Une nouvelle étude révèle à quel point nous avons horriblement déformé le patrimoine génétique de ces pauvres bêtes. Les bulldogs anglais de race pure ne seront jamais en bonne santé, la faute à des générations de consanguinité forcée dans le seul but d'obtenir un chien aux caractéristiques "idéales". Les résultats présentés dans l'article, publié vendredi dans la revue Canine Genetics and Epidemiology, sont issus de la toute première étude de l'ADN de l'espèce, dont on étudiait auparavant la diversité par le biais des pedigrees des chiens.

"Tout comme il a fallu des décennies, voire des siècles, pour que le bulldog atteigne sa forme actuelle, il faudra très certainement beaucoup de temps pour réparer les dégâts. Les bulldogs anglais ont perdu tellement de leur diversité génétique, et leurs problèmes de santé sont devenus tellement communs à l'ensemble de l'espèce, que presque aucun d'entre eux n'en est dépourvu", m'a expliqué l'auteur principal de l'étude, Niels Pedersen, professeur à l'université de Californie.
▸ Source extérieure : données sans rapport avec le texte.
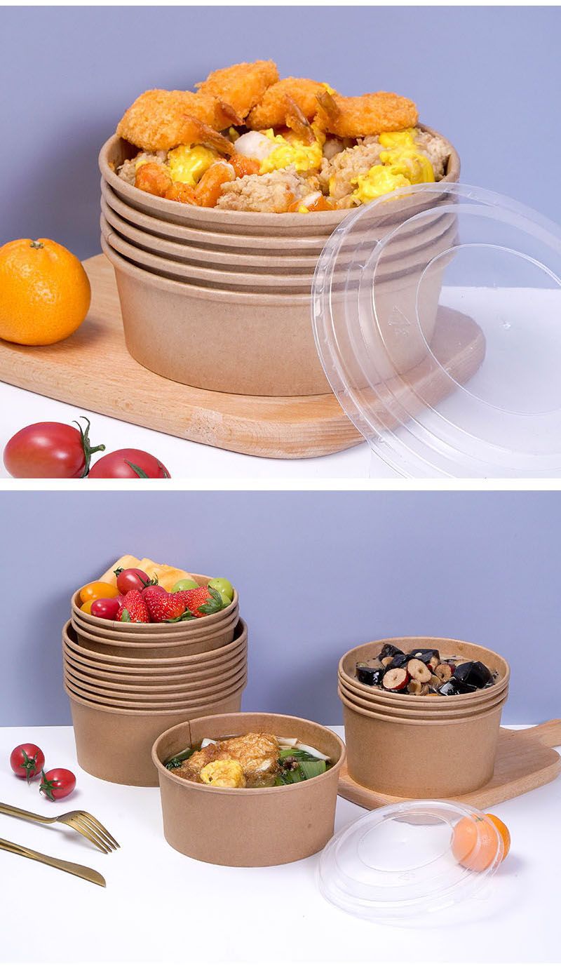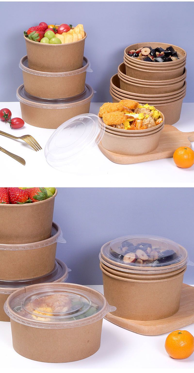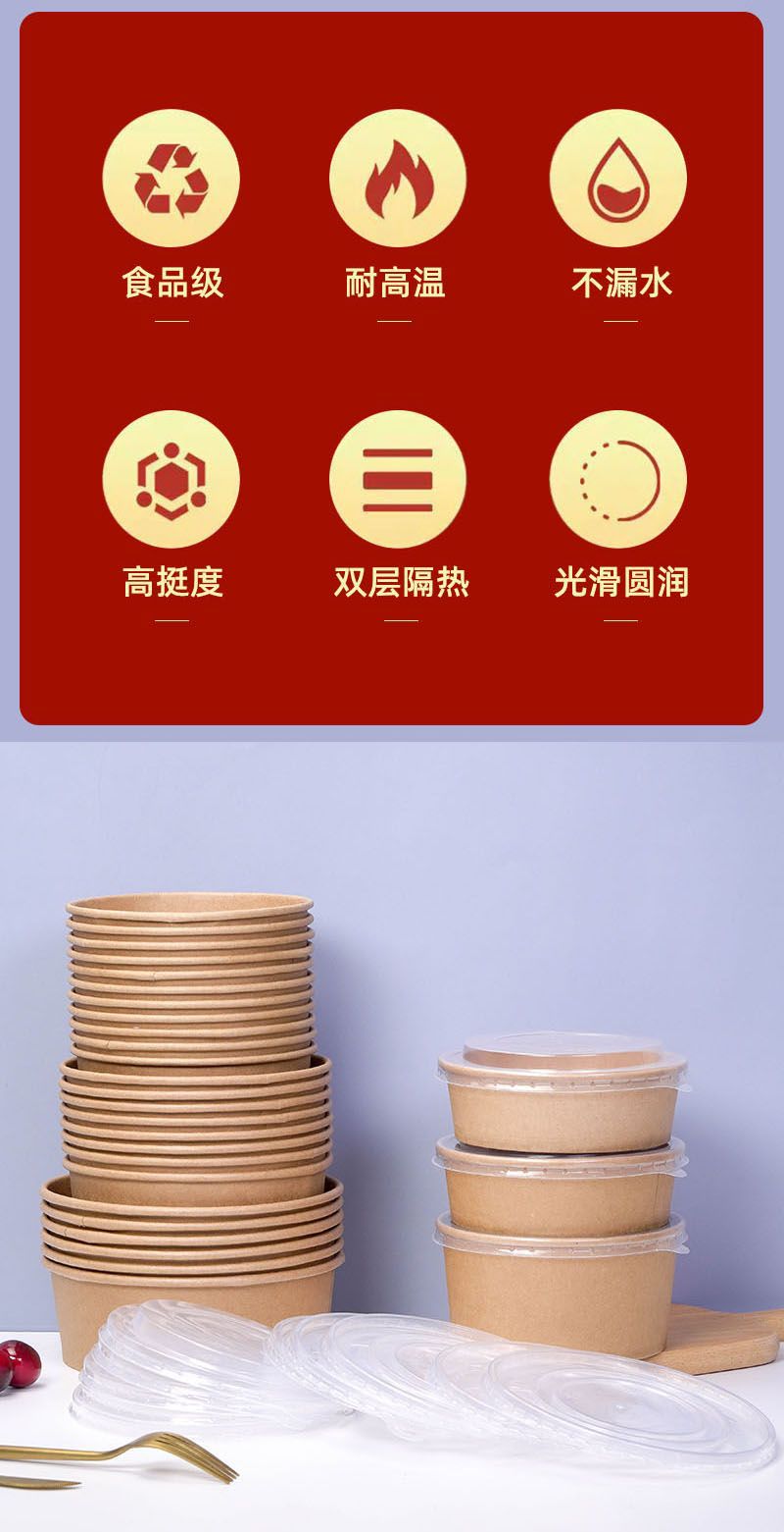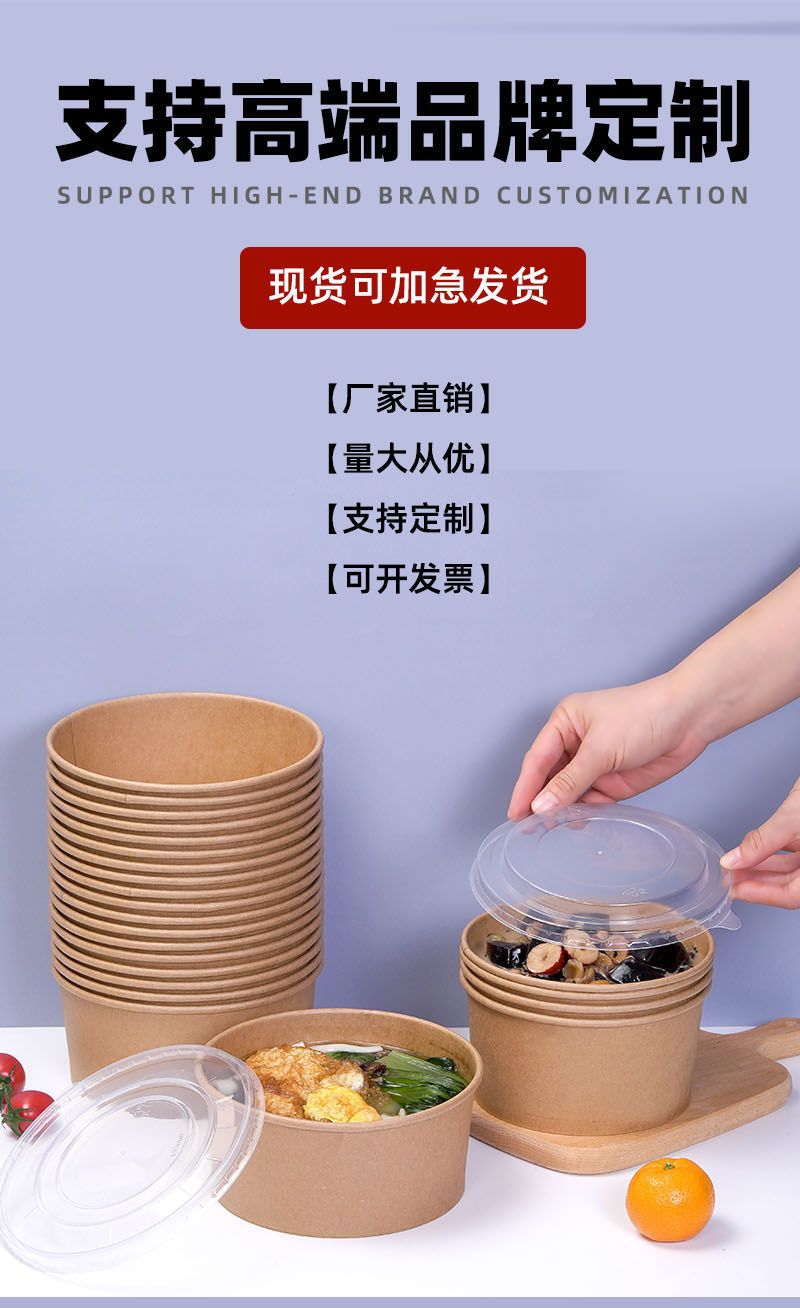Одноразовая бумажная миска крафт-бумага миска может быть напечатана на вынос упакованная коробка бумажная миска круглая миска супа ведро супа коробка быстрого питания оптом

Un bulldog qui a l'air de bien nous en vouloir. Image: Flickr/Paul Hudson

Une équipe de vétérinaires a analysé l'ADN de 102 bulldogs anglais "homologués", c'est-à-dire de race suffisamment pure pour être autorisés à participer à des concours canins, issus de plusieurs pays. Après avoir séquencé leur génome, celui-ci a été comparé à celui de chiens issus d'usines à chiots, suivant une hypothèse selon laquelle les éleveurs de bulldogs pure race seraient responsables des problèmes de santé omniprésents au sein de l'espèce.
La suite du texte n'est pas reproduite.